In this project, we'll compare two different types of posts from Hacker News, a popular site where technology related stories (or 'posts') are voted and commented upon. The two types of posts we'll explore begin with either Ask HN or Show HN.

Users submit Ask HN posts to ask the Hacker News community a specific question, such as "What is the best online course you've ever taken?" Likewise, users submit Show HN posts to show the Hacker News community a project, product, or just generally something interesting.

We'll specifically compare these two types of posts to determine the following:

     - Do Ask HN or Show HN receive more comments on average?
     - Do posts created at a certain time receive more comments on average?

It should be noted that the data set we're working with was reduced from almost 300,000 rows to approximately 20,000 rows by removing all submissions that did not receive any comments, and then randomly sampling from the remaining submissions.

### Introduction

First, we'll read in the data and remove the headers.


In [1]:
# opening and reading in the csv file, as a list of lists:
import csv

f = open('hacker_news.csv')#reading the hacker_news.csv file in as a list of lists
hn = list(csv.reader(f))#converting reader method into a list of lists, assigning variable
hn[:5] #displaying the first five rows of hn of list of lists

[['id', 'title', 'url', 'num_points', 'num_comments', 'author', 'created_at'],
 ['12224879',
  'Interactive Dynamic Video',
  'http://www.interactivedynamicvideo.com/',
  '386',
  '52',
  'ne0phyte',
  '8/4/2016 11:52'],
 ['10975351',
  'How to Use Open Source and Shut the Fuck Up at the Same Time',
  'http://hueniverse.com/2016/01/26/how-to-use-open-source-and-shut-the-fuck-up-at-the-same-time/',
  '39',
  '10',
  'josep2',
  '1/26/2016 19:30'],
 ['11964716',
  "Florida DJs May Face Felony for April Fools' Water Joke",
  'http://www.thewire.com/entertainment/2013/04/florida-djs-april-fools-water-joke/63798/',
  '2',
  '1',
  'vezycash',
  '6/23/2016 22:20'],
 ['11919867',
  'Technology ventures: From Idea to Enterprise',
  'https://www.amazon.com/Technology-Ventures-Enterprise-Thomas-Byers/dp/0073523429',
  '3',
  '1',
  'hswarna',
  '6/17/2016 0:01']]

### Removing Headers from a List of Lists

In [2]:
headers = hn[0] #display header row only
hn = hn[1:] #removing the headers row
print(headers)#display the headers row only
print() # display an empty line for readabilty
print(hn[:5]) #display the first five rows to verify header row removed

['id', 'title', 'url', 'num_points', 'num_comments', 'author', 'created_at']

[['12224879', 'Interactive Dynamic Video', 'http://www.interactivedynamicvideo.com/', '386', '52', 'ne0phyte', '8/4/2016 11:52'], ['10975351', 'How to Use Open Source and Shut the Fuck Up at the Same Time', 'http://hueniverse.com/2016/01/26/how-to-use-open-source-and-shut-the-fuck-up-at-the-same-time/', '39', '10', 'josep2', '1/26/2016 19:30'], ['11964716', "Florida DJs May Face Felony for April Fools' Water Joke", 'http://www.thewire.com/entertainment/2013/04/florida-djs-april-fools-water-joke/63798/', '2', '1', 'vezycash', '6/23/2016 22:20'], ['11919867', 'Technology ventures: From Idea to Enterprise', 'https://www.amazon.com/Technology-Ventures-Enterprise-Thomas-Byers/dp/0073523429', '3', '1', 'hswarna', '6/17/2016 0:01'], ['10301696', 'Note by Note: The Making of Steinway L1037 (2007)', 'http://www.nytimes.com/2007/11/07/movies/07stein.html?_r=0', '8', '2', 'walterbell', '9/30/2015 4:12']]


We can see above that the data set contains the title of the posts, the number of comments for each post, and the date the post was created.
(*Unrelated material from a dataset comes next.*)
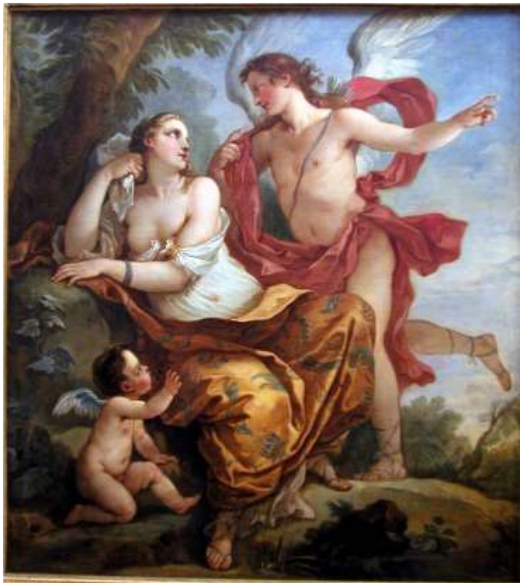
Planche 8 : C.-J. Natoire, Calypso écoutant les conseils de l'Amour , huile sur toile, 140 X 150 cm, Troyes, musées d'Art et d'Histoire.
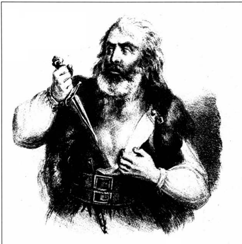
Ampsicora in una ricostruzione ideale

Nel 215 a.C., i sardo punici si sollevarono in armi contro i romani per cacciarli dall'isola. Li guidava Ampsicora, un africano nato in Numidia e trapiantato nella nostra terra, che organizzò la rivolta e si tolse la vita per la morte in battaglia del figlio Osto. Da allora, il suo nome è diventato un simbolo

Let's start by exploring the number of comments for each type of post.

### Extracting Ask HN and Show HN Posts

First, we'll identify posts that begin with either Ask HN or Show HN and separate the data for those two types of posts into different lists. Separating the data makes it easier to analyze in the following steps.


In [3]:
# Identify posts that begin with either `Ask HN` or `Show HN` and separate the data into different lists.
#Create three empty lists
ask_posts = []
show_posts = [] 
other_posts = []

for post in hn: #loop through each row in hn
    title = post[1] #assign the title column to a variable name: title
    if title.lower() .startswith("ask hn"):
        ask_posts.append(post)
    elif title.lower().startswith('show hn'):
        show_posts.append(post)
    else:
        other_posts.append(post)

#Check the number of posts in each list        
print(len(ask_posts))
print(len(show_posts))
print(len(other_posts))


1744
1162
17194


### Calculating the Average Number of Comments for Ask HN and Show HN Posts

Now that we separated ask posts and show posts into different lists, we'll calculate the average number of comments each type of post receives.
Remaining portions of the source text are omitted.